A dream quality emerges in this ‘distant present’, its temporal setting a far-away now. Everything is a remembering, but it’s also a self-fashioning. And that’s where McCraney’s work feels most potent: it exists in a place that’s both rooted and untethered. This mirrors the tension stirring in Oshoosi: his loyalty and love for his brother jars with his desire for exploration and with his love for Elegba.
McCraney draws on icons and stories from Yoruba cosmology, with characters named after the orisha deities: Ogun (god of iron) Oshoosi (god of the hunt), and Elegba (god of crossroads as well as chaos). Oshoosi is at a crossroads, and Elegba is his guide. The Brothers Size explores the importance of roots, of knowing where one came from, but also articulates the necessity of routes: the always transient state of becoming, which emphasizes the creative process of self-fashioning and self-making.
No wonder Sheibani has the actors constantly moving, making red impressions on the stage. Ajayi is remarkable as Oshoosi, care-free, enduring, joyfully funny.
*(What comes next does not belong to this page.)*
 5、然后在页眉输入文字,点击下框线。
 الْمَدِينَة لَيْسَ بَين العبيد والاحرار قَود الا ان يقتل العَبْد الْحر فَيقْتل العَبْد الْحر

Dirisu’s Ogun is sturdy and stoic, but when he and Ajayi perform Otis Redding’s Try a Little Tenderness, he offers a childish joy, the kind only shared between siblings. Welsh’s Elegba is enigmatic and steady; he’s the conduit for the most tender and turbulent moments in the play.
Yet the wistful, dream-like quality brushes up against a stark reality for Oshoosi, one that shoves its weight unpredictably, and forces Ajayi to switch from jovial to overwhelming grief. If anything, Sheibani could have highlighted the moments of affection and peace between Elegba and Oshoosi more. The dream sequence carries a harsh industrial background noise that emphasizes Oshoosi’s despair but stifles the comfort Elegba offers.
Watching this show, expertly directed and magnificently performed, made me yearn to see the entire trilogy. Parts of The Brothers Size refer backwards to In the Red and Brown Water, and foreshadows Marcus; Or the Secret of Sweet, and those allusions lose their full significance in isolation.
Thinking back on the performance, it’s the rhetorical questions that get me, the ones the characters ask themselves: ‘How could he not?’ These questions express all that is inexpressible, all that makes the characters move. Lyrical and original, The Brothers Size a complex and poignant portrayal of a fraternity often underexplored.